ACTIVITY: Without including any pictures, reproduce all the lines below word for word.

MATERIAL PROVIDED:
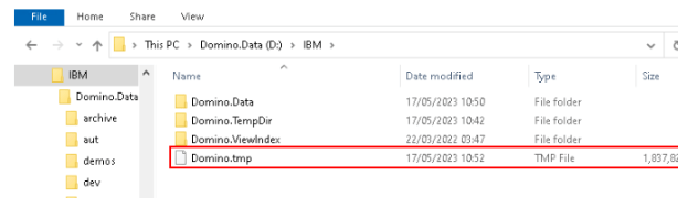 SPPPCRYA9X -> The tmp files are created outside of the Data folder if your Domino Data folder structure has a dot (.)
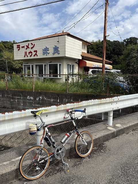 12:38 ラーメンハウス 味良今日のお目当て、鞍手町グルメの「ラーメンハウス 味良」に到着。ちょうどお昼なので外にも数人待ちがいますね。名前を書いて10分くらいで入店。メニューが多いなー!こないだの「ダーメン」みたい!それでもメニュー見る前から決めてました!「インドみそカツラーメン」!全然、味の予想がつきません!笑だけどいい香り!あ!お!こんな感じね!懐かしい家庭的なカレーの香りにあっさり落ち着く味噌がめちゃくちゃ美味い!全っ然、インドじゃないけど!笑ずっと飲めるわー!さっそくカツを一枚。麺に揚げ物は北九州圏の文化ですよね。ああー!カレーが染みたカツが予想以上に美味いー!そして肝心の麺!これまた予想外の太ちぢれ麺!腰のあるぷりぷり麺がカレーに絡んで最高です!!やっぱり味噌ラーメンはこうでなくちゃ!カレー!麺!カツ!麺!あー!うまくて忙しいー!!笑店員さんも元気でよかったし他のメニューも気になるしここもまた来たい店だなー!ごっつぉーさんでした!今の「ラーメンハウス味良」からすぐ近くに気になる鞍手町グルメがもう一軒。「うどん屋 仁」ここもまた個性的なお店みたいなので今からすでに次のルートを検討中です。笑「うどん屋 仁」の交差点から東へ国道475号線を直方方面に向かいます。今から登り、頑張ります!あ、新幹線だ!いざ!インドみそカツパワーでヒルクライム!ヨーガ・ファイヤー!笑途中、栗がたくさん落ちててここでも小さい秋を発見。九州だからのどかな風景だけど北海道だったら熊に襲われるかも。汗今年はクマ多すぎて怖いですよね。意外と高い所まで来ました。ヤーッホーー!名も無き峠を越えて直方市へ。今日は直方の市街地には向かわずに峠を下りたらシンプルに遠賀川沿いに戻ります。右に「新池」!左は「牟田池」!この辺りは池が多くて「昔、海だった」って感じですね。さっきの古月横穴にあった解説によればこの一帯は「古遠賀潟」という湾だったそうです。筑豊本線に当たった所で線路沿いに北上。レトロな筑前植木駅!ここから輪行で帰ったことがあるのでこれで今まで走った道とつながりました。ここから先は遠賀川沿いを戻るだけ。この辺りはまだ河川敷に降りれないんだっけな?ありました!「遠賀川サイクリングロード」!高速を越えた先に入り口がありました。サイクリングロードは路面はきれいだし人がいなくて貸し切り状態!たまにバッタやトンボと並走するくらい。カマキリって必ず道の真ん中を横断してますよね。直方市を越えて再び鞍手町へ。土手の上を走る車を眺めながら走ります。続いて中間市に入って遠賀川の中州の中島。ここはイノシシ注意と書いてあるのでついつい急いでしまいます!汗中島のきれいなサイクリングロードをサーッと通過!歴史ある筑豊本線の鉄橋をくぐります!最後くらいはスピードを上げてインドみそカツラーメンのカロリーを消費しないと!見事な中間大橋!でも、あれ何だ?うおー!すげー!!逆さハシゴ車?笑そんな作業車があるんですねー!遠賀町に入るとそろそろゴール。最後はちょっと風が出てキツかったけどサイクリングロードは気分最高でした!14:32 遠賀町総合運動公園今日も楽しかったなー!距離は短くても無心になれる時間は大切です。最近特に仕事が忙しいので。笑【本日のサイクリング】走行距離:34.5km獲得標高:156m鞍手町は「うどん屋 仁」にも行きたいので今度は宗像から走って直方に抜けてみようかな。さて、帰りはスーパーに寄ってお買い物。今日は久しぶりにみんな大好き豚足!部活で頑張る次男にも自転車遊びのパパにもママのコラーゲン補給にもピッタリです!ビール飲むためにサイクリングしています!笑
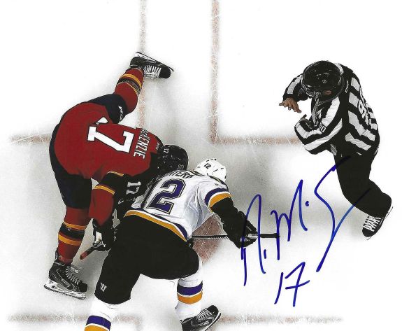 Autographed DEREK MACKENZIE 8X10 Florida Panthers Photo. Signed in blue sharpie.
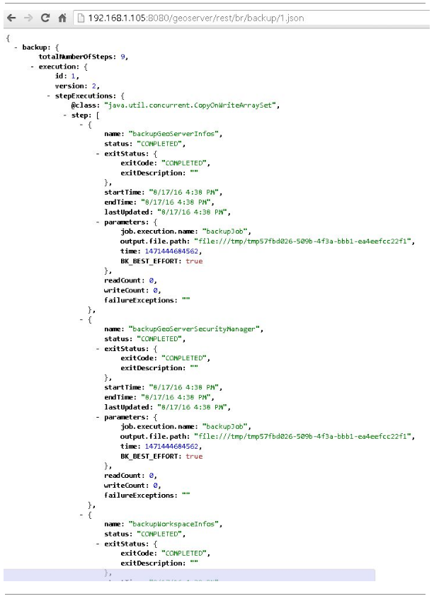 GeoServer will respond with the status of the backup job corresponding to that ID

RESPONSE BOX:
 SPPPCRYA9X -> The tmp files are created outside of the Data folder if your Domino Data folder structure has a dot (.)
 12:38 ラーメンハウス 味良今日のお目当て、鞍手町グルメの「ラーメンハウス 味良」に到着。ちょうどお昼なので外にも数人待ちがいますね。名前を書いて10分くらいで入店。メニューが多いなー!こないだの「ダーメン」みたい!それでもメニュー見る前から決めてました!「インドみそカツラーメン」!全然、味の予想がつきません!笑だけどいい香り!あ!お!こんな感じね!懐かしい家庭的なカレーの香りにあっさり落ち着く味噌がめちゃくちゃ美味い!全っ然、インドじゃないけど!笑ずっと飲めるわー!さっそくカツを一枚。麺に揚げ物は北九州圏の文化ですよね。ああー!カレーが染みたカツが予想以上に美味いー!そして肝心の麺!これまた予想外の太ちぢれ麺!腰のあるぷりぷり麺がカレーに絡んで最高です!!やっぱり味噌ラーメンはこうでなくちゃ!カレー!麺!カツ!麺!あー!うまくて忙しいー!!笑店員さんも元気でよかったし他のメニューも気になるしここもまた来たい店だなー!ごっつぉーさんでした!今の「ラーメンハウス味良」からすぐ近くに気になる鞍手町グルメがもう一軒。「うどん屋 仁」ここもまた個性的なお店みたいなので今からすでに次のルートを検討中です。笑「うどん屋 仁」の交差点から東へ国道475号線を直方方面に向かいます。今から登り、頑張ります!あ、新幹線だ!いざ!インドみそカツパワーでヒルクライム!ヨーガ・ファイヤー!笑途中、栗がたくさん落ちててここでも小さい秋を発見。九州だからのどかな風景だけど北海道だったら熊に襲われるかも。汗今年はクマ多すぎて怖いですよね。意外と高い所まで来ました。ヤーッホーー!名も無き峠を越えて直方市へ。今日は直方の市街地には向かわずに峠を下りたらシンプルに遠賀川沿いに戻ります。右に「新池」!左は「牟田池」!この辺りは池が多くて「昔、海だった」って感じですね。さっきの古月横穴にあった解説によればこの一帯は「古遠賀潟」という湾だったそうです。筑豊本線に当たった所で線路沿いに北上。レトロな筑前植木駅!ここから輪行で帰ったことがあるのでこれで今まで走った道とつながりました。ここから先は遠賀川沿いを戻るだけ。この辺りはまだ河川敷に降りれないんだっけな?ありました!「遠賀川サイクリングロード」!高速を越えた先に入り口がありました。サイクリングロードは路面はきれいだし人がいなくて貸し切り状態!たまにバッタやトンボと並走するくらい。カマキリって必ず道の真ん中を横断してますよね。直方市を越えて再び鞍手町へ。土手の上を走る車を眺めながら走ります。続いて中間市に入って遠賀川の中州の中島。ここはイノシシ注意と書いてあるのでついつい急いでしまいます!汗中島のきれいなサイクリングロードをサーッと通過!歴史ある筑豊本線の鉄橋をくぐります!最後くらいはスピードを上げてインドみそカツラーメンのカロリーを消費しないと!見事な中間大橋!でも、あれ何だ?うおー!すげー!!逆さハシゴ車?笑そんな作業車があるんですねー!遠賀町に入るとそろそろゴール。最後はちょっと風が出てキツかったけどサイクリングロードは気分最高でした!14:32 遠賀町総合運動公園今日も楽しかったなー!距離は短くても無心になれる時間は大切です。最近特に仕事が忙しいので。笑【本日のサイクリング】走行距離:34.5km獲得標高:156m鞍手町は「うどん屋 仁」にも行きたいので今度は宗像から走って直方に抜けてみようかな。さて、帰りはスーパーに寄ってお買い物。今日は久しぶりにみんな大好き豚足!部活で頑張る次男にも自転車遊びのパパにもママのコラーゲン補給にもピッタリです!ビール飲むためにサイクリングしています!笑
 Autographed DEREK MACKENZIE 8X10 Florida Panthers Photo. Signed in blue sharpie.
 GeoServer will respond with the status of the backup job corresponding to that ID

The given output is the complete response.